Sugar Sugar, Inc.
- Company type: Private
- Industry: Confectionery
- Founded: 2003
- Headquarters: Maitland, Florida
- Website: handmadelollies.com

= Sugar Sugar (company) =

Confectionery manufacturer and retailer

Sugar Sugar, Inc. is a confectionery manufacturer and retailer located in Orlando, Florida.

The company is most famous for their handmade hard candy and incredibly large novelty lollipops weighing up to 2 pounds each. One of their specialties is a personalized candy where they form names, words, and logos by hand within each bite-sized piece of hard candy. The style of candymaking is very similar to Great Britain's "stick of rock" or Australia's "lollies" and often called just Rock or Lolly. Sugar-free lollies are also made using Splenda brand sucralose.

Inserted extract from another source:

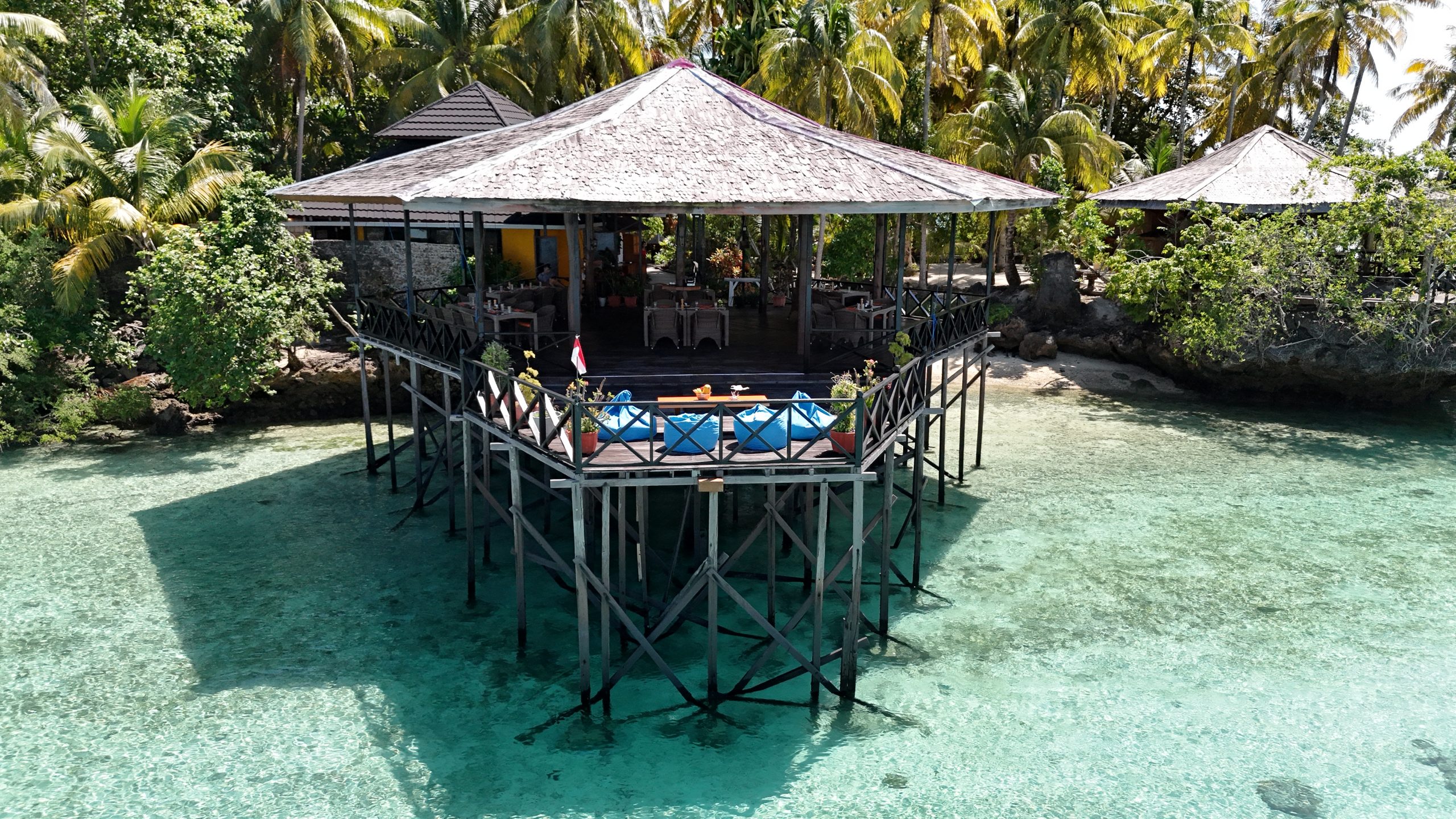 The spacious and airy restaurant is – built on stilts – directly above the sea. The exceptional location of the restaurant allows a wonderful view over the atoll. Breakfast and lunch are served “a la carte” in a cozy atmosphere. In the evening, the starry sky over Lake Sulawesi conjures up the perfect ambience for the freshly prepared 5-course menu.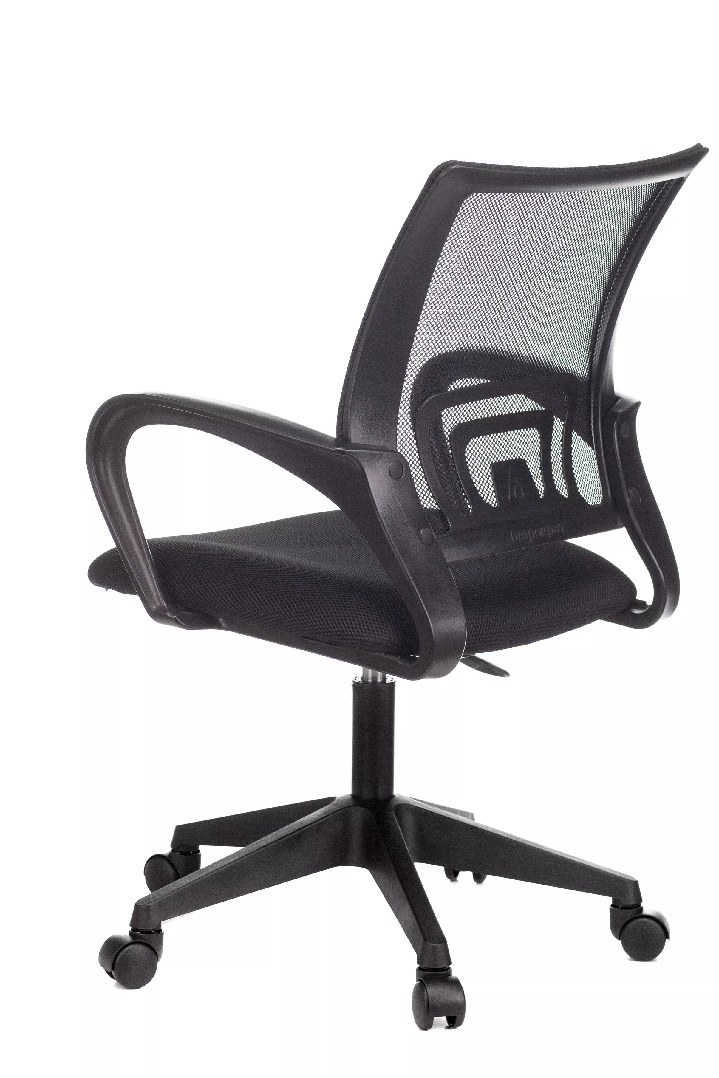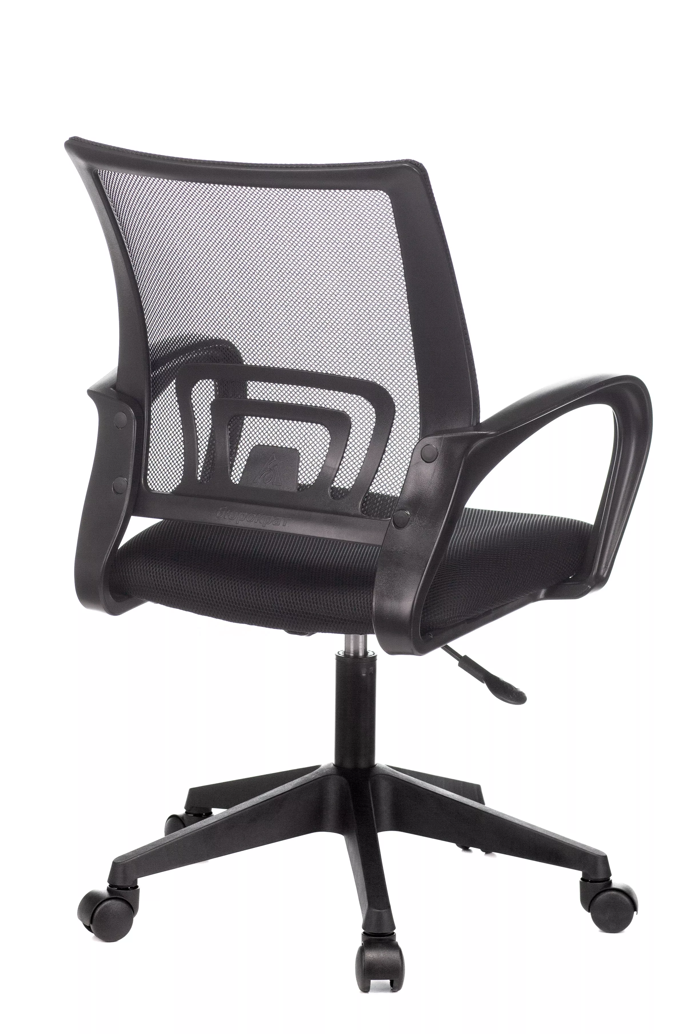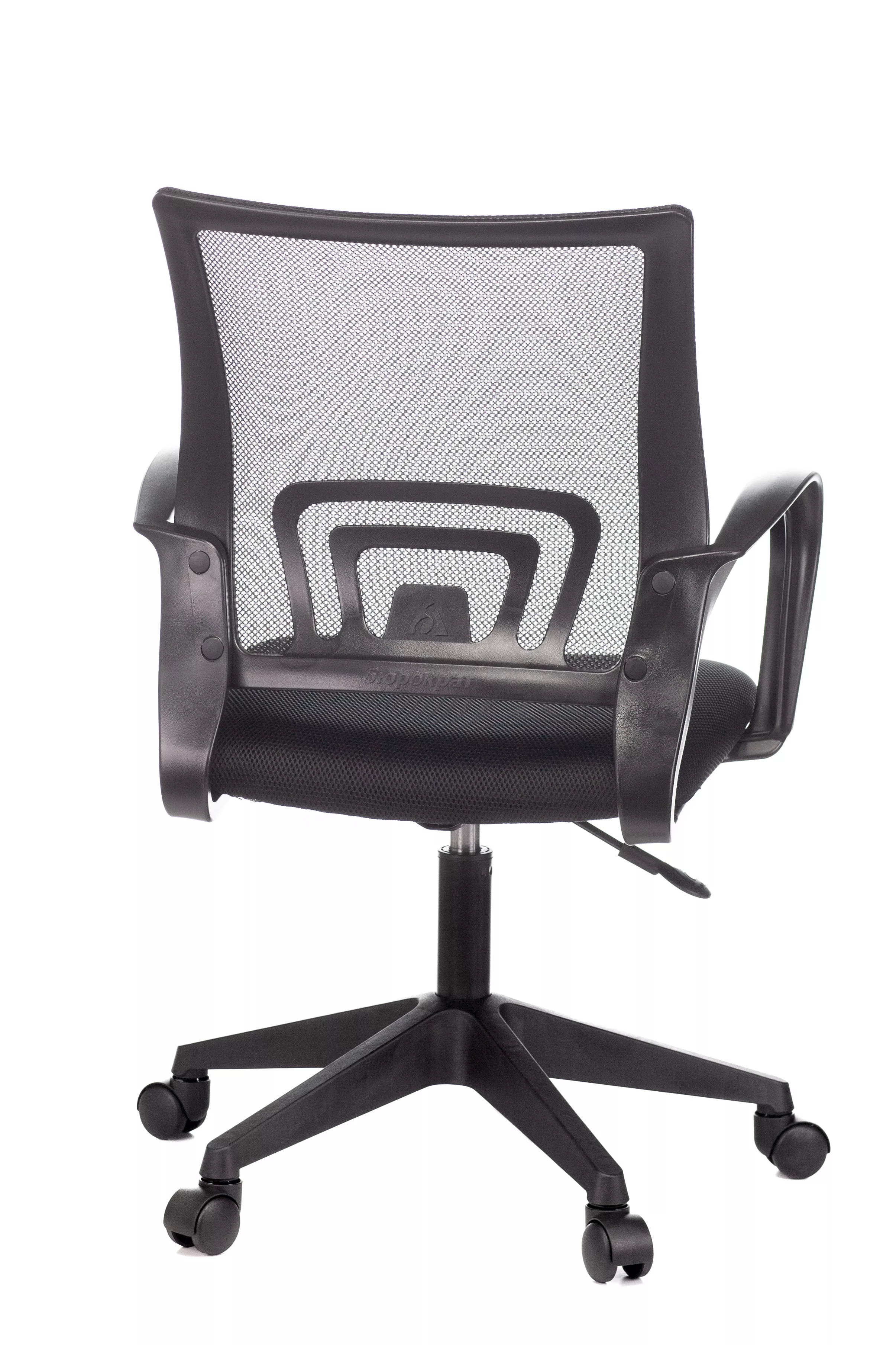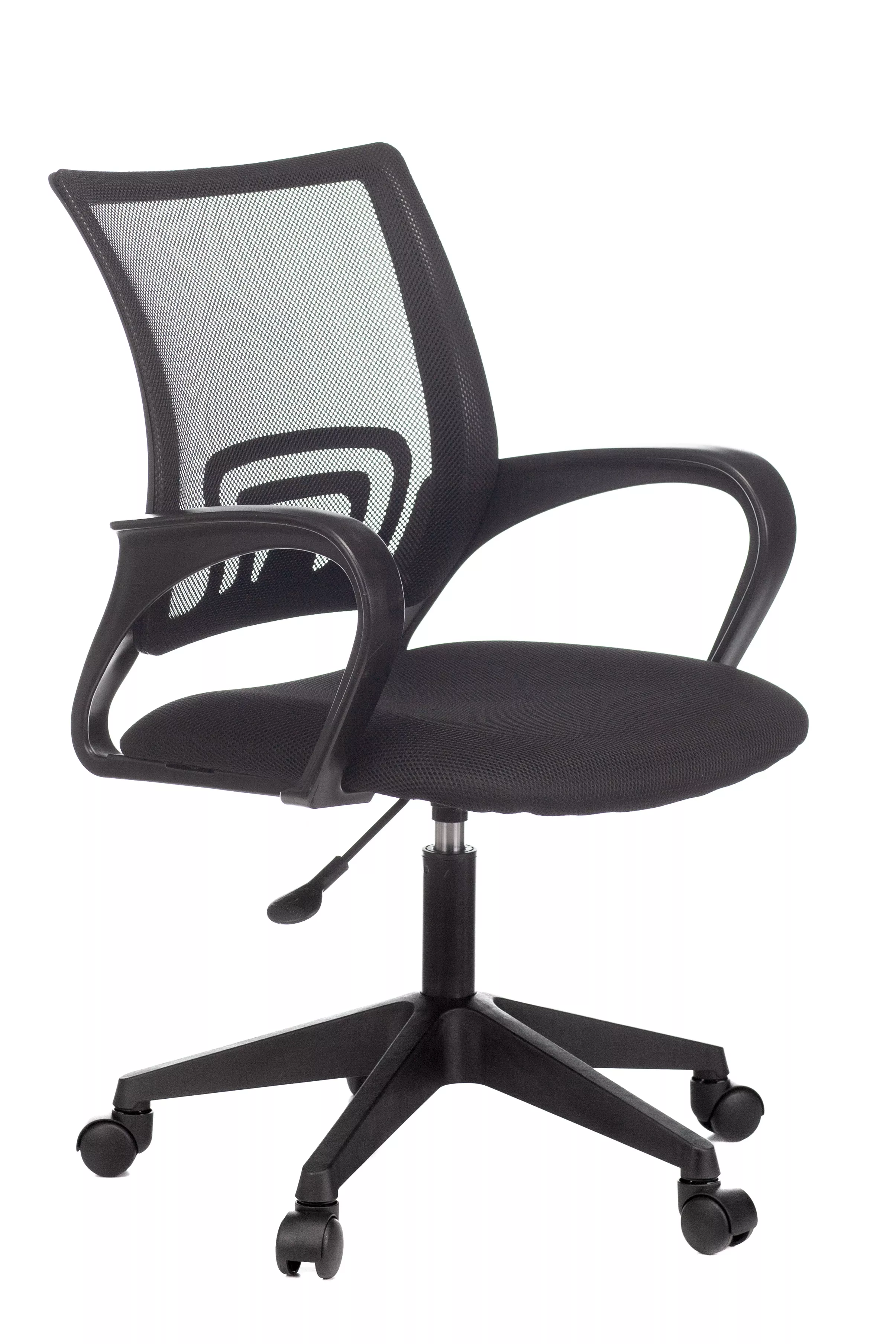 Ткань черного цвета, которой обтянуто сидение кресла, отличается своей прочностью и износостойкостью.Пятилучевая крестовина изготовлена из прочного пластика. В сочетании с поворотными колесиками, она позволяет креслу легко и бесшумно передвигаться по любому напольному покрытию. Ограничения - вес более 120 кг.

They make a variety of other confections, including peanut brittle, cashew brittle, candy apples, caramel apples, and an assortment of chocolate dipped sweets.

First airing in 2006, Sugar Sugar has been featured two of the Food Network's Unwrapped episodes, "Candy Cravings" and "Couch Potato."

Sugar Sugar's exhibition factory is located inside Universal Studios Florida theme park in the San Francisco/Amity themed area.